MLOps Engineer in Westminster employer: Cloudbeds
Contact Detail:
Cloudbeds Recruiting Team
StudySmarter Expert Advice 🤫
We think this is how you could land MLOps Engineer in Westminster
✨Tip Number 1
Network like a pro! Reach out to folks in the industry, especially those already at Cloudbeds. A friendly chat can open doors and give you insider info on what they're really looking for.
✨Tip Number 2
Show off your skills! If you've got a portfolio or GitHub with projects related to MLOps, make sure to highlight them during interviews. Real-world examples speak volumes about your capabilities.
✨Tip Number 3
Prepare for technical challenges! Brush up on your Python and ML concepts, and be ready to tackle some coding problems. We love seeing how you think through solutions, so practice makes perfect!
✨Tip Number 4
Don’t forget to apply through our website! It’s the best way to ensure your application gets seen by the right people. Plus, it shows you're genuinely interested in joining our awesome team.

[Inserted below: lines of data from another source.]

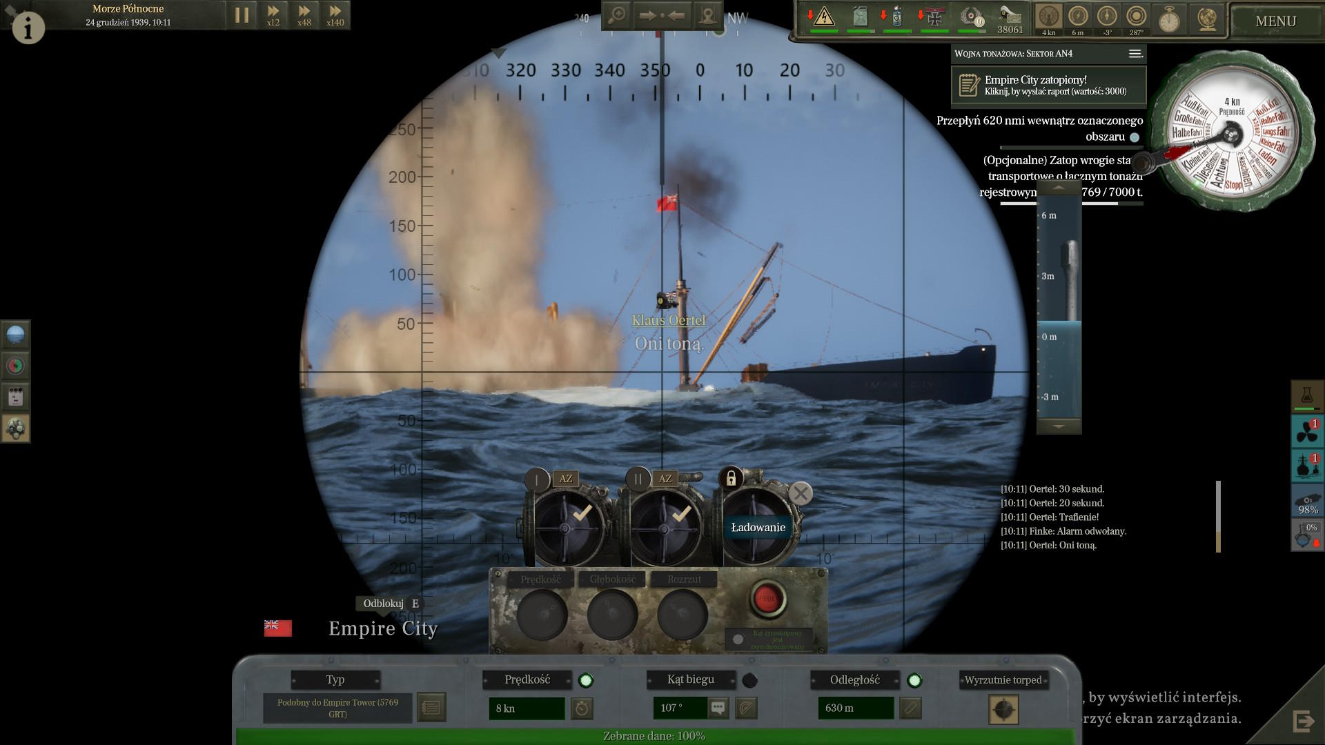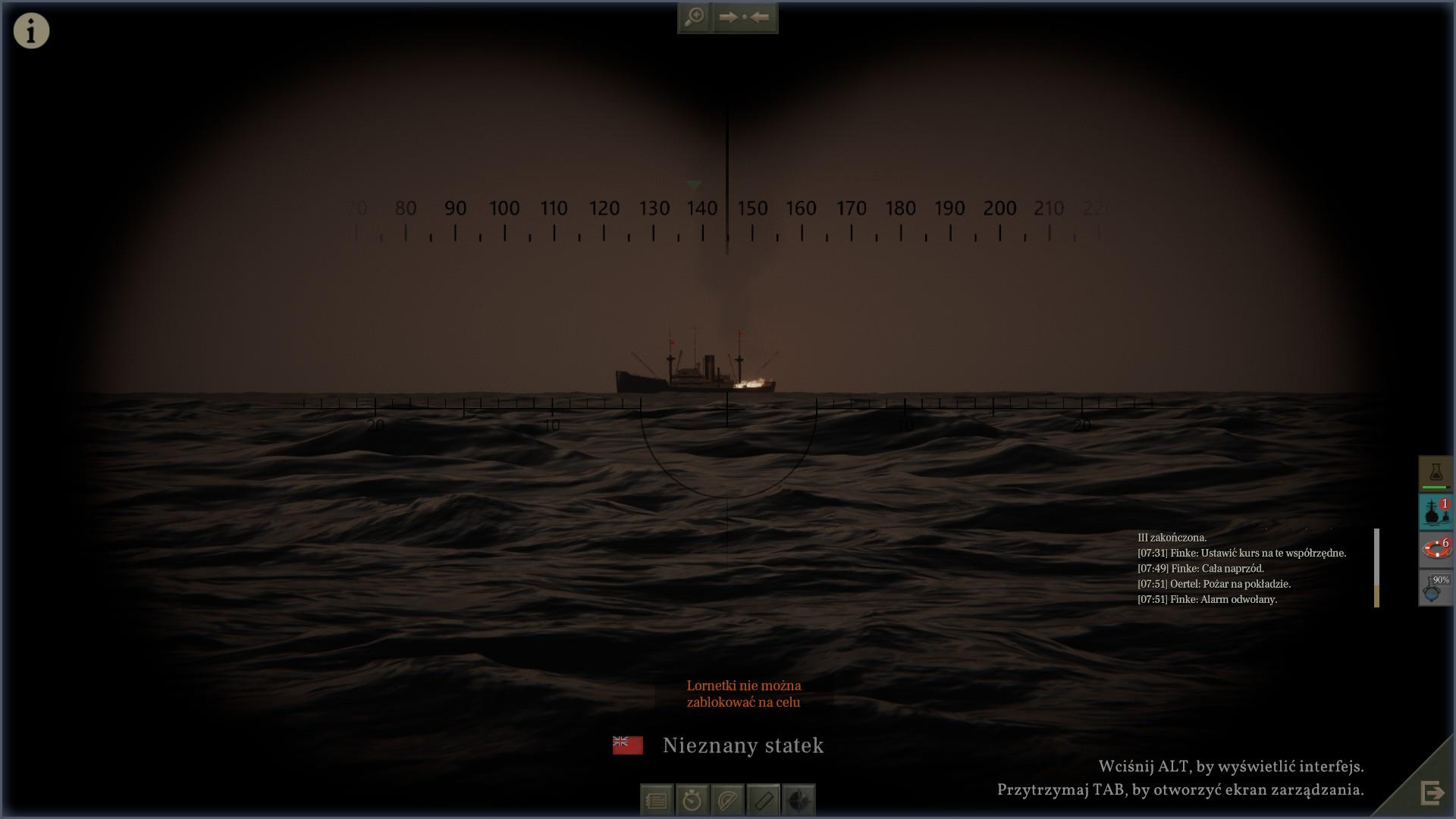 4 września podczas zanurzenia o godzinie 18:00 wykryliśmy śruby na wschodzie. Ruszyliśmy w pościg i przy zachodzącym słońcu dostrzegliśmy dym frachtowca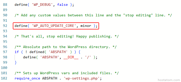 define( 'WP_AUTO_UPDATE_CORE', minor );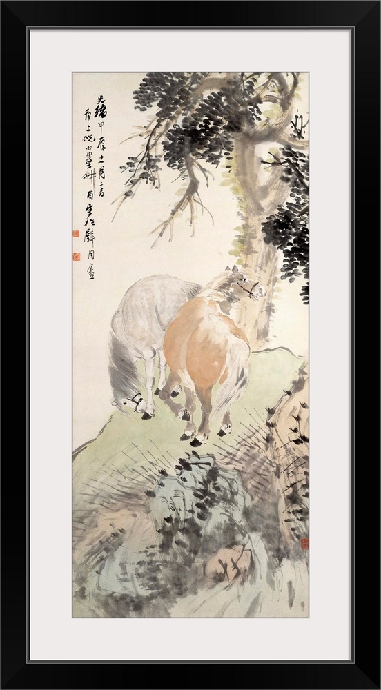 <p>Woodblock print of two horses on a rocky cliff under a tree.</p>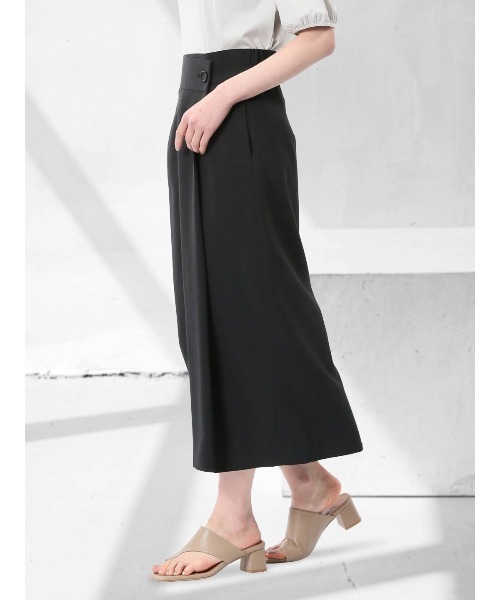 クラシックな印象に仕上げたボタン付きのロングスカートです。アシンメトリーなラップ風デザインがポイント。ウエストはサイドシャーリングで着用ストレスを軽減。後ろファスナー仕様、バックスリット、シームポケット付きです。プライベートやオフィスカジュアルにオンオフ兼用で活躍してくれます。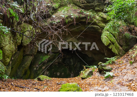 Misty Cave Interior with Towering Rock Formations and Lush Greenery Surroundings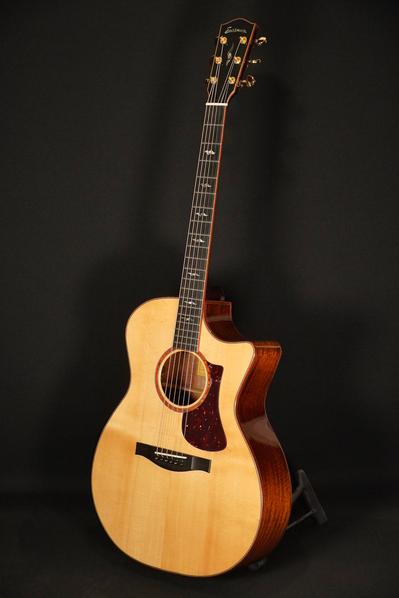 Grand Auditorium Gitarren gelten zu Recht als die Allrounder unter den Westerngitarren. Reichlich Mitten und Bässe für Akkorde und „Strumming“, zugleich fein, klar und für „Fingerstyle“ bestens geeignet. So auch diese Grand Auditorium Westerngitarre von Eastman. Die AC522CE gehört zu den Instrumenten der vollmassiven Topserien von Eastman: Vollmassiv gebaut mit Decke aus europäsischer Fichte, Korpus aus afrikanischem Mahagoni, eingebauter LR Baggs Element EAS VTC Tonabnehmer und hochwertiger Eastman Koffer inklusive. Durch die verbaute Armschräge liegt die Gitarre noch angenehmer als ohnehin schon in der Hand. Auch optisch ist die AC522CE ein echter Blickfang: Truetone Gloss Finish, feine Bindings und Einlegearbeiten aus Perlmutt und hochwertigen Hölzern.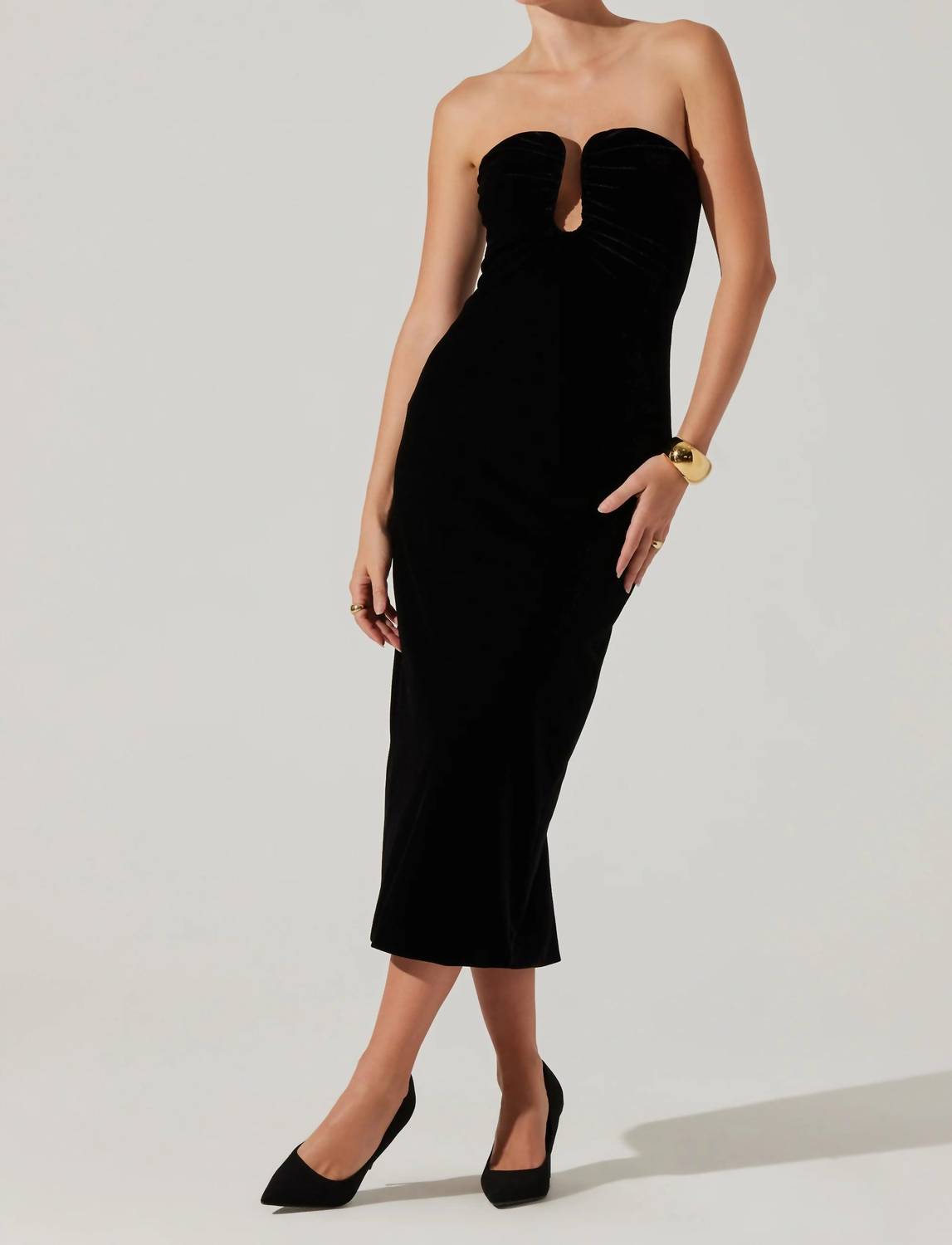 Украсьте свой вечерний образ бархатным платьем-миди Arista Sweetheart от ASTR - шикарным выбором однотонного черного цвета, которое привлечет всеобщее внимание. Вырез сердечком без бретелек, металлическая U-образная поддержка груди и косточки на лифе обеспечивают облегающий силуэт, создавая изысканный образ. Платье изготовлено из 92% полиэстера и 8% эластана, с удобным вшитым бюстгальтером на крючках и подкладкой, что обеспечивает одновременно и модный, и функциональный вид. Рекомендации по уходу: ручная стирка в холодной воде, сушка на веревке и глажка при низкой температуре при необходимости; не отбеливать и не сушить в стиральной машине. Доступно в размере S: длина 50 1/2 дюйма, обхват груди 30 дюймов, обхват талии 28 дюймов.

We think you need these skills to ace MLOps Engineer in Westminster
Some tips for your application 🫡
Tailor Your Application: Make sure to customise your CV and cover letter for the MLOps Engineer role. Highlight your experience with machine learning, data pipelines, and any relevant tools like Apache Airflow. We want to see how your skills align with what we do at Cloudbeds!
Showcase Your Projects: Include specific examples of projects you've worked on that demonstrate your expertise in MLOps and machine learning. Whether it's a personal project or something from a previous job, we love seeing real-world applications of your skills!
Be Clear and Concise: When writing your application, keep it clear and to the point. Use bullet points where possible to make it easy for us to read. We appreciate straightforward communication, so don’t be afraid to show your personality while being professional!
Apply Through Our Website: We encourage you to apply directly through our website. It’s the best way for us to receive your application and ensures you’re considered for the role. Plus, it gives you a chance to explore more about our culture and values!
How to prepare for a job interview at Cloudbeds
✨Know Your MLOps Inside Out
Make sure you brush up on your MLOps knowledge before the interview. Understand the key concepts like CI/CD for model training, testing, and deployment. Be ready to discuss how you've implemented these practices in past projects.
✨Showcase Your Problem-Solving Skills
Prepare to share specific examples of how you've tackled complex challenges in machine learning. Think about times when you had to apply creative, data-driven solutions to improve system performance or reliability.
✨Familiarise Yourself with Their Tech Stack
Cloudbeds uses tools like Apache Airflow for orchestration, so it’s a good idea to get comfortable with these technologies. If you have experience with similar tools, be sure to highlight that during your chat.
✨Communicate Effectively
Since collaboration is key at Cloudbeds, practice articulating your thoughts clearly. Be prepared to explain technical concepts in a way that non-technical team members can understand, showcasing your excellent communication skills.